EXTENSION AGREEMENT
Exhibit 10.8
This Extension Agreement is executed as of December 3, 2008 by and between Quicksilver
Resources Inc. (“QRI”) and Quicksilver Gas Services LP (“KGS”). Capitalized terms not otherwise
defined herein shall have the same meaning ascribed to such term in that certain Omnibus Agreement
dated August 10, 2007 executed between KGS and QRI.
A. Pursuant to Section 2.3 of the Omnibus Agreement, QRI is required to provide KGS a notice
and offer for sale regarding its acquisition of midstream assets in the Quicksilver Counties within
120 days of the consummation of such acquisition (the “Offer”).

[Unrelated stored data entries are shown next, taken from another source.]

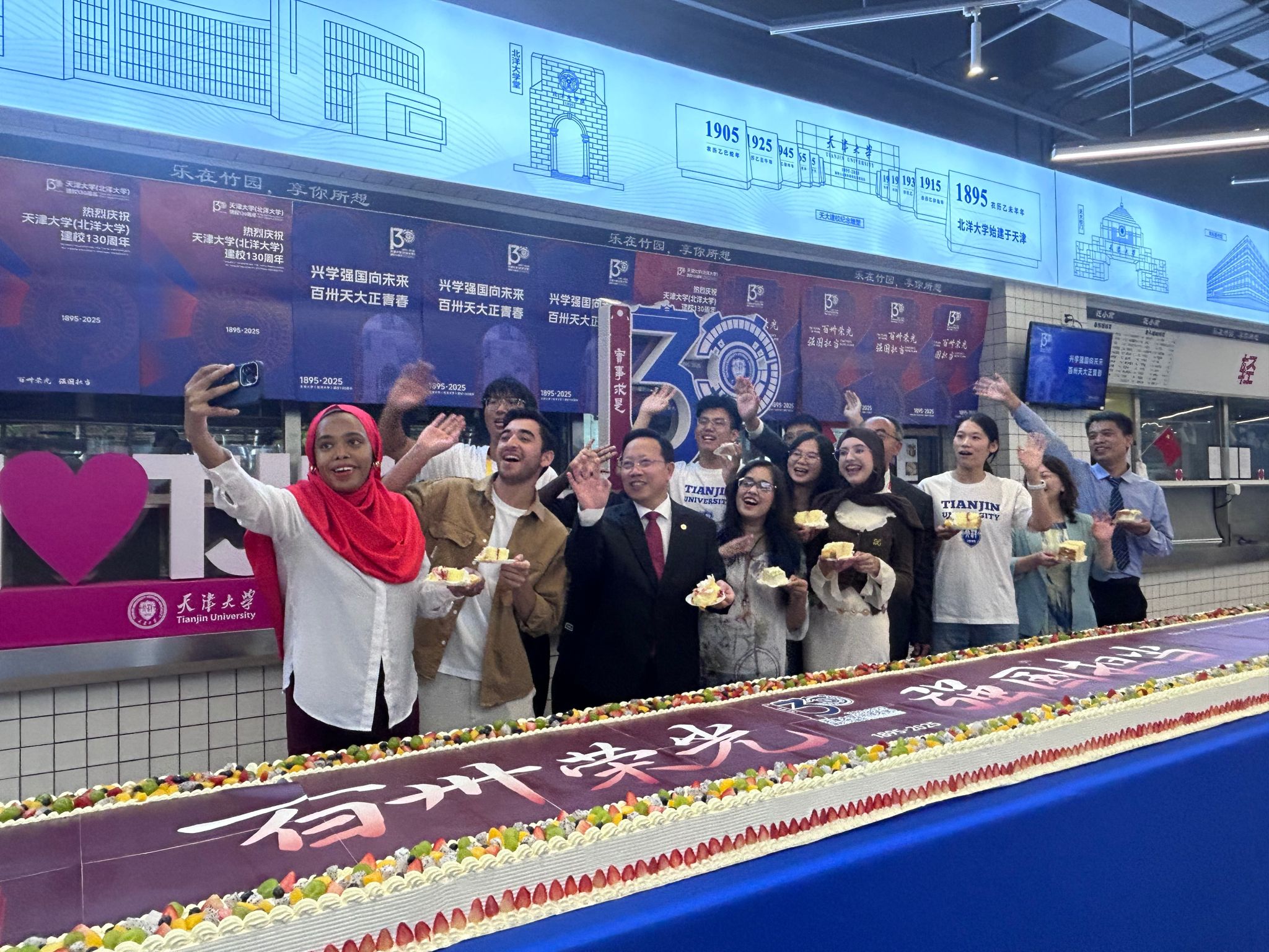 10月2日当天半夜12时,北洋园校区竹园餐厅内,一个巨型校庆华诞蛋糕方才做好。蛋糕长13米,宽80厘米,厚10厘米,用鲜花、各色生果和苦涩的巧克力粉饰,两头则是3D打印的校庆从题。除竹园餐厅的巨型蛋糕外,当天半夜双校区各食堂还预备了11个长1。3米的校庆蛋糕,供师生们一路分享母校华诞的喜悦。
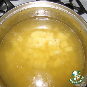 • Ставим бульон на огонь, проверяем на соль, закидываем вариться картошку
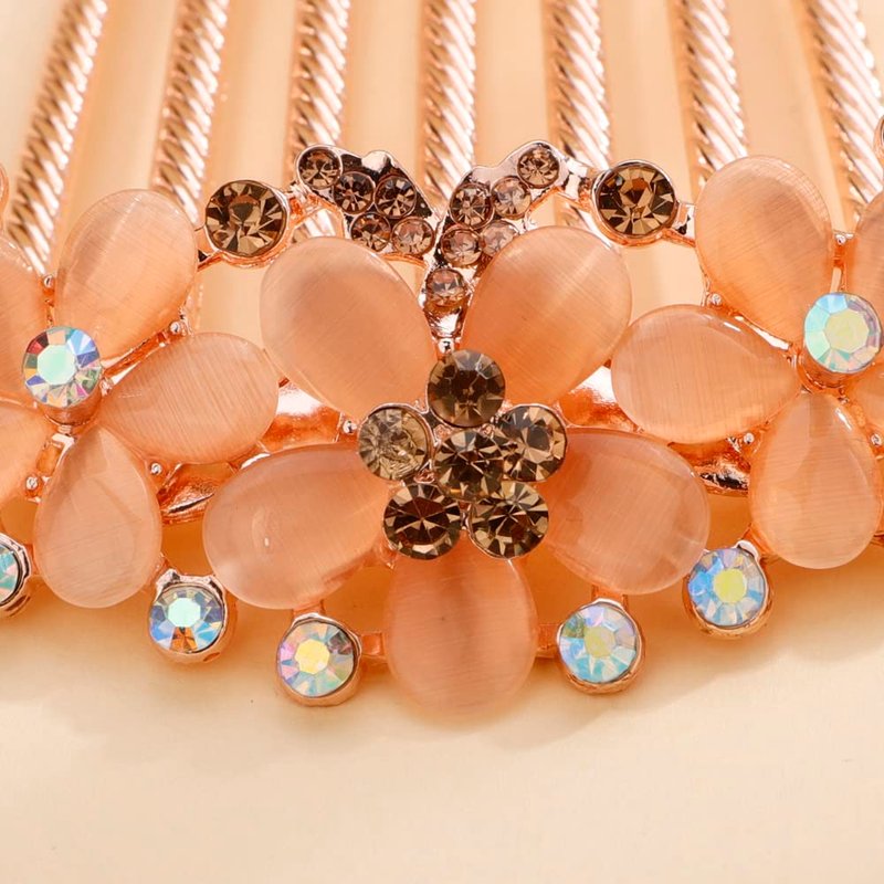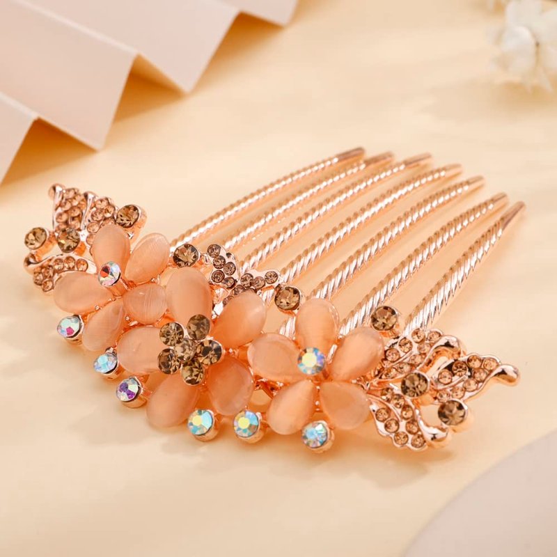 Missgrace Boho Luxury Glitter Sparkly Flower Blue Pink Crystal Rhinestones Hair Side Combs Hairpins Barrettes Bride Hair Clips Accessories for Women Girls (Champagne)
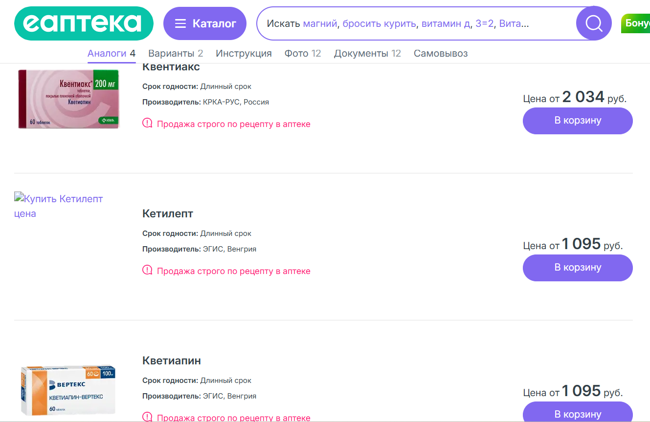 Отсутствует и аналог — «Квентиакс пролонг». Проверка аптек Владивостока показала, что данных средств нет даже у поставщиков. Как отметила фармацевт Наталья, мелкие аптечные точки и небольшие сети обычно отказываются от заказа таких рецептурных препаратов.
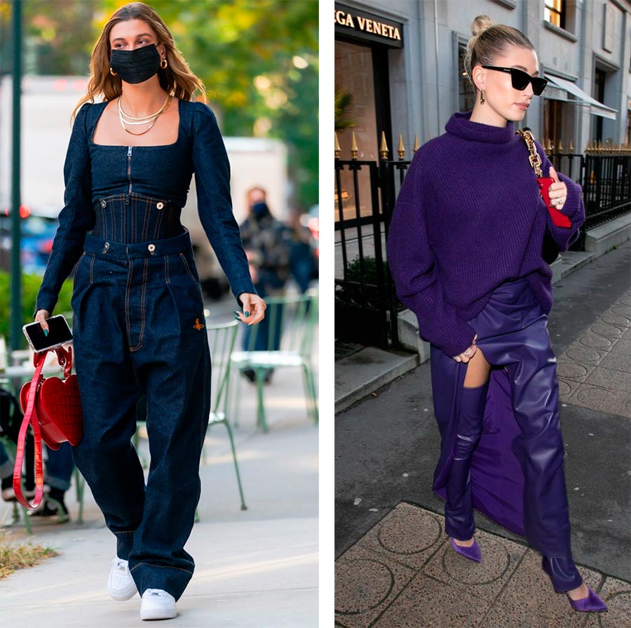 Il convient d'ajouter que la star du street style elle-même a aussi ses idoles, les soi-disant guides du monde de la mode. Les looks de Hailey Bieber font souvent écho au style de la légendaire princesse Diana. Le modèle a même joué dans une séance photo, où elle a répété certains des arcs emblématiques de Lady Dee (par exemple, sweat-shirt + vélos + sac de style business ou veste surdimensionnée + Cosaques + casquette de baseball).
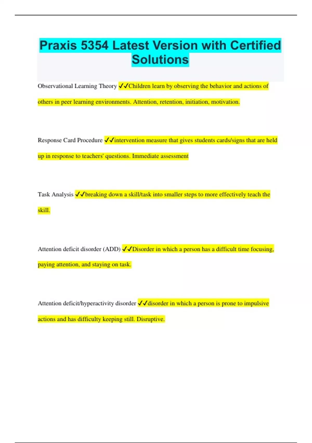 Praxis 5354 Latest Version with Certified Solutions Observational Learning Theory Children learn by observing the behavior and actions of others in peer learning environments. Attention, retention, initiation, motivation. Response Card Procedure intervention measure that gives students cards/signs that are held up in response to teachers' questions. Immediate assessment Task Analysis breaking down a skill/task into smaller steps to more effectively teach the skill. Attention deficit disorder (ADD) Disorder in which a person has a difficult time focusing, paying attention, and staying on task. Attention deficit/hyperactivity disorder disorder in which a person is prone to impulsive actions and has difficulty keeping still. Disruptive. Support Intensity Scales assessment that measures how much assistance a person with disabilities may need to function to their best. It measures over 57 life activities to determine the level of support a person may need later in life. INCLUDE strategy seven step process that focuses on accommodating students with special needs or Culturally Diverse backgrounds. Developmental Delay lack of or reduced progress in developing skills as expected for children of a certain age. "Impairment of general intellectual functioning" refers to condition in which people have an IQ (intellectual quotient) of less that 70 "substantial intellectual deficits" people with an IQ score in the 71-75 range. Recommend administering other measures/tests/evaluations Weschsler Intelligence Scale for Children-111 viewed as the universal standard intelligence test used most often by school psychologists and is used for children age 6 to 16 Minneapolis model three stage model that employs the term SNAP to refer to students that are in need of alternative programming or disability

B. Pursuant to that certain Purchase and Sale Agreement dated July 3, 2008 and closed on
August 8, 2008, QRI acquired certain oil and gas assets in the Alliance Airport area of Tarrant and
Xxxxxx Counties, Texas which includes midstream assets (the “Alliance Midstream Assets”).
C. QRI and KGS desire to extent the time period and the date by which QRI must provide to KGS
the Offer regarding its acquisition of the Alliance Midstream Assets.
NOW, THEREFORE, in consideration of the mutual premises and covenants contained herein and
other good and valuable consideration, the receipt and sufficiency of which are hereby
acknowledged, the parties hereto agree to extend the deadline by which QRI shall provide the Offer
to KGS to be no later than March 31, 2009.
EXECUTED as of the date first written above.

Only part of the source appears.